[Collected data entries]

....................

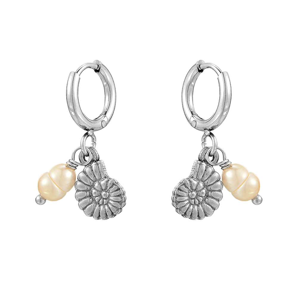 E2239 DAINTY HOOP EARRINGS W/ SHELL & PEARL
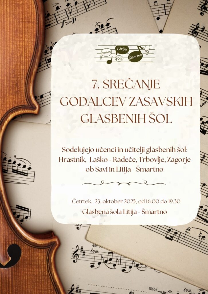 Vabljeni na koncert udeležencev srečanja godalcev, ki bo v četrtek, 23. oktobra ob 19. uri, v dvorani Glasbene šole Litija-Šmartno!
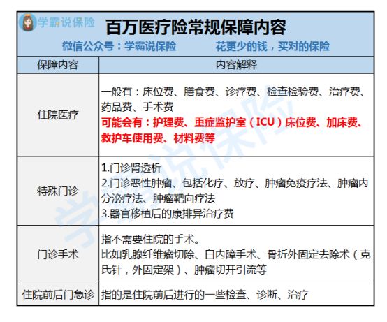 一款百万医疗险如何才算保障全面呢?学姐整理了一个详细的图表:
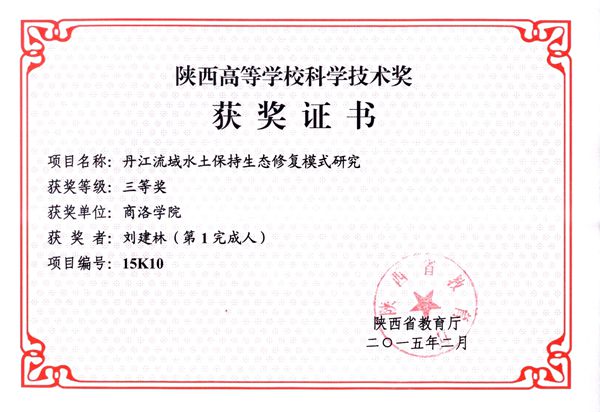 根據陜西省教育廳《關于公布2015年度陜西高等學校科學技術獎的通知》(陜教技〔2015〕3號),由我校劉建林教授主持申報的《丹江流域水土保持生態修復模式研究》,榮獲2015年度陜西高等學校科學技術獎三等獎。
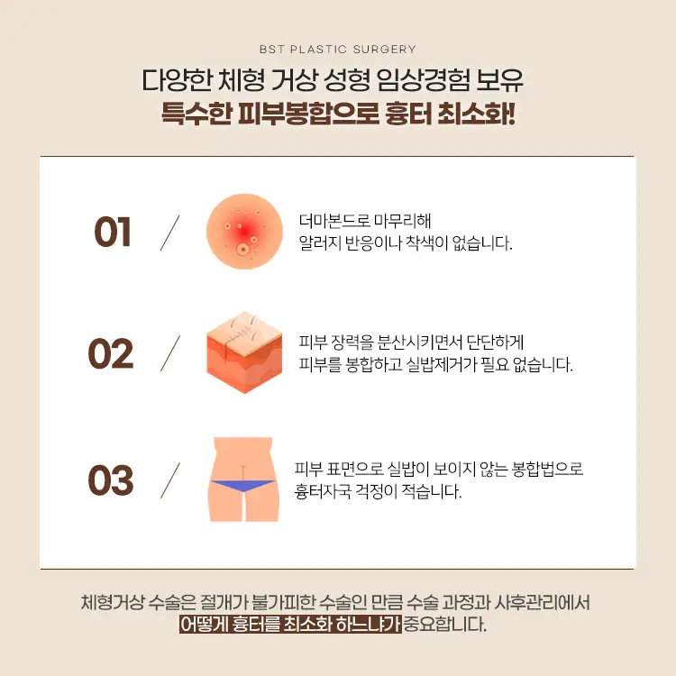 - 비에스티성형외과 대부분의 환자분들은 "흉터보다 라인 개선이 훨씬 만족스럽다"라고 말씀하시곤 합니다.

....................

Your output should be exactly the lines of the records above from the one with "根據陜西省教育廳《關于公布2" through the last, both ends included, with pictures excluded.

__SOLUTION__:
 根據陜西省教育廳《關于公布2015年度陜西高等學校科學技術獎的通知》(陜教技〔2015〕3號),由我校劉建林教授主持申報的《丹江流域水土保持生態修復模式研究》,榮獲2015年度陜西高等學校科學技術獎三等獎。
 - 비에스티성형외과 대부분의 환자분들은 "흉터보다 라인 개선이 훨씬 만족스럽다"라고 말씀하시곤 합니다.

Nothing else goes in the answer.